▸ **What the exercise asks**:
Output the lines of the records below exactly, beginning at their first line and ending at the line with "into intracystic space."; include no pictures.

▸ **Supplied information**:
*** Block opens ***

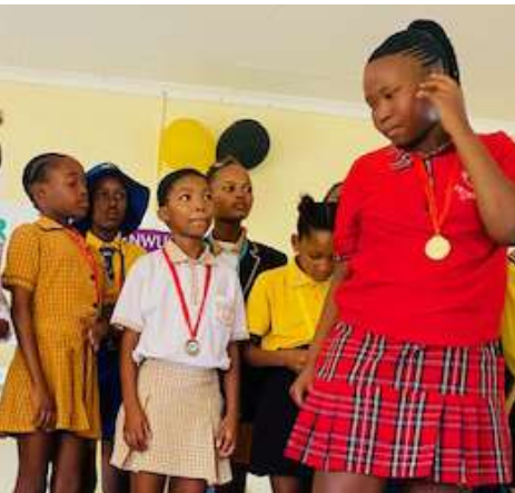
Learners who participated at the World Read Aloud Day.
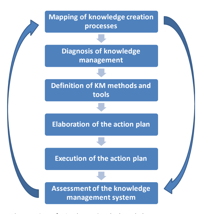
Figure 1. Steps for implementing the knowledge management model for a core of technological innovation
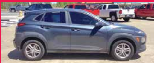
2019 HYUNDAI KONA AWD, 4 Cyl, Gray
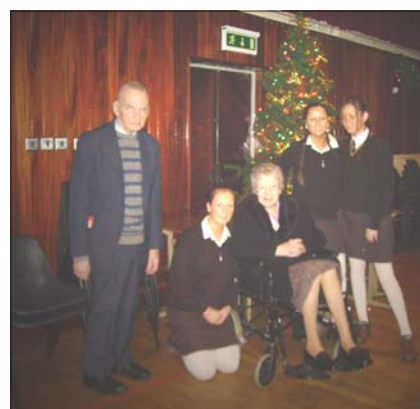
Striking a pose under the tree

Grainne Family Unit wrote to say "Many, many thanks for the lovely hampers .. They will be much appreciated. Thank you for the trouble you went to" .
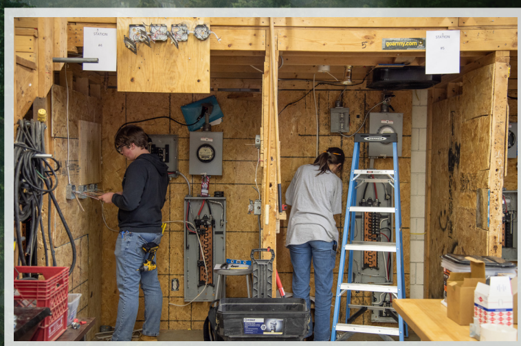
Electrical Competitions consisted of Industrial Motor Control and Residential Wiring. Students pictured here are competing in Residential Wiring.
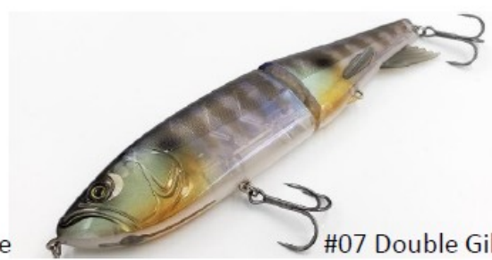
#07 Double Gill
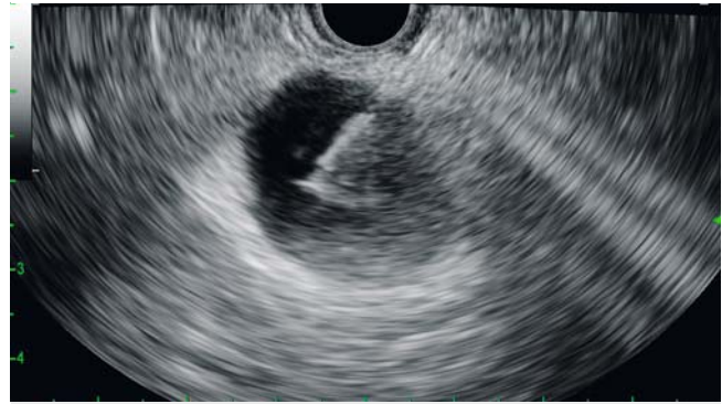
► Fig. 3 EUS image of the microforceps being passed into intracystic space.

A 55-year-old female underwent EUS for evaluation of a pancreatic cystic lesion with a nonenhancing solid component detected by MRI. EUS evaluation revealed a cystic lesion with thick septations and an associated mural nodule (► Fig. 4 ). Histopathology obtained by MFB (Moray Micro Forceps, US Endoscopy, Mentor, Ohio, United States) revealed a cyst lined by bland cuboidal epithelium without dysplasia, however, spindle cells within the cyst wall expressed nuclear estrogen receptors consistent with a MCN. The patient underwent distal pancreatectomy with splenectomy and surgical pathology confirmed a 15-mm MCN with pancreatic intraepithelial neoplasia, however, no evidence for malignancy.
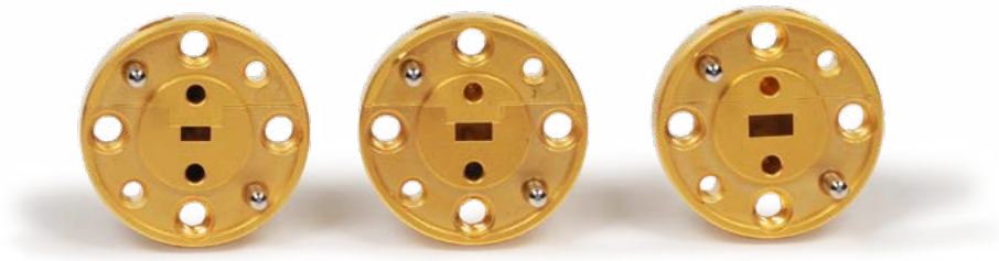
SPINNER mmWave waveguide-to-coaxial adapters
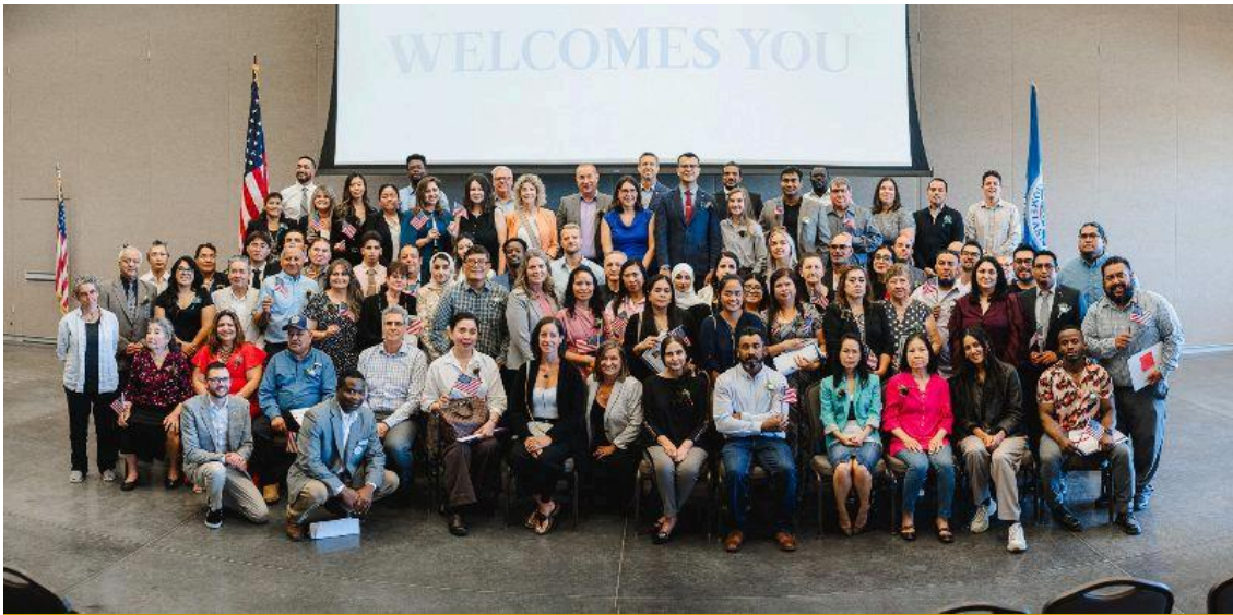
With 80 New U.S. Citizens and County Residents

children. I am especially excited for summer 2024 when we will provide free access to our recreational facilities for Salt Lake County children ages 5–18 and will eliminate library fees for children. I believe investing in our youth is investing in our future as a county.
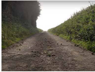
A Good Battlefield Tourist & Life in the Muddy Trenches

Our YouTube channel hosts over 180 short, Canadian military history documentaries. Check out these videos today:
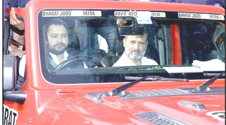
February 16, 2024 nü Bihar kübok Sasaram district nung RJD lenir aser taoba mapang Deputy Chief Minister, Tejaswi Yadav-i aniba gari ka nung Congress lenir Rahul Gandhi-i 'Bharat Jodo Nyay Yatra' agidang tangokba noksa nung angur.

Hokolbarnü iba sentong nung Modi-i sen crore 17,000 jenjang terenlok project aika semzüktsüba den külemi project tasen atema foundation lung azüngtsüogo. 'Viksit Bharat Viksit Rajasthan' programme ya district ajak nung tesem 200 nung ayongzüka agi aser tongti sentongji state yimtiba, Jaipur nung agi. Kasa sentong nung state Chief Minister den minister tem, MP tem, MLA tem aser lokti balala nungi lenirtem aika aden.
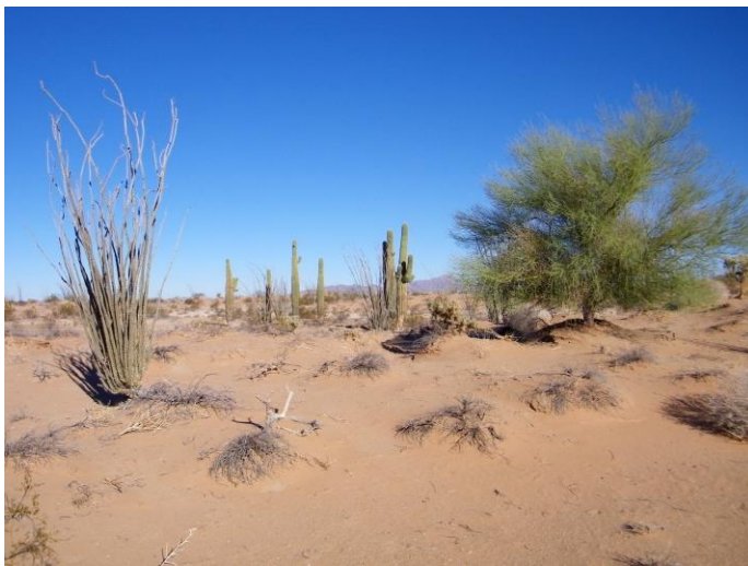
East Cactus Plain Wilderness Area, along the 27-mile gravel and dirt roads leading out to Swansea ghost town, once a mining town.
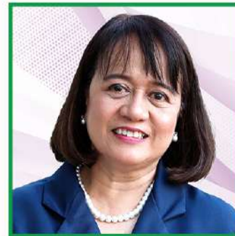
LUZ FILIPINAS S. SAN PEDRO Metal Engraving
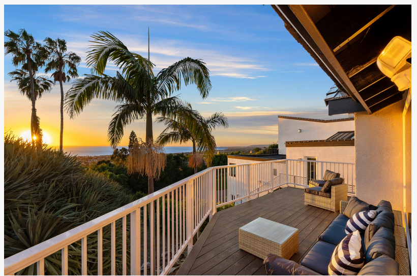
Oceans Luxury Rehab just steps away from the beach in Southern California

This press release can be viewed online at: https://www.einpresswire.com/article/787125011
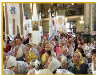
Parishioners at the praznyk

*** Block closes ***

▸ **Task result**:
Learners who participated at the World Read Aloud Day.
Figure 1. Steps for implementing the knowledge management model for a core of technological innovation
2019 HYUNDAI KONA AWD, 4 Cyl, Gray
Striking a pose under the tree

Grainne Family Unit wrote to say "Many, many thanks for the lovely hampers .. They will be much appreciated. Thank you for the trouble you went to" .
Electrical Competitions consisted of Industrial Motor Control and Residential Wiring. Students pictured here are competing in Residential Wiring.
#07 Double Gill
► Fig. 3 EUS image of the microforceps being passed into intracystic space.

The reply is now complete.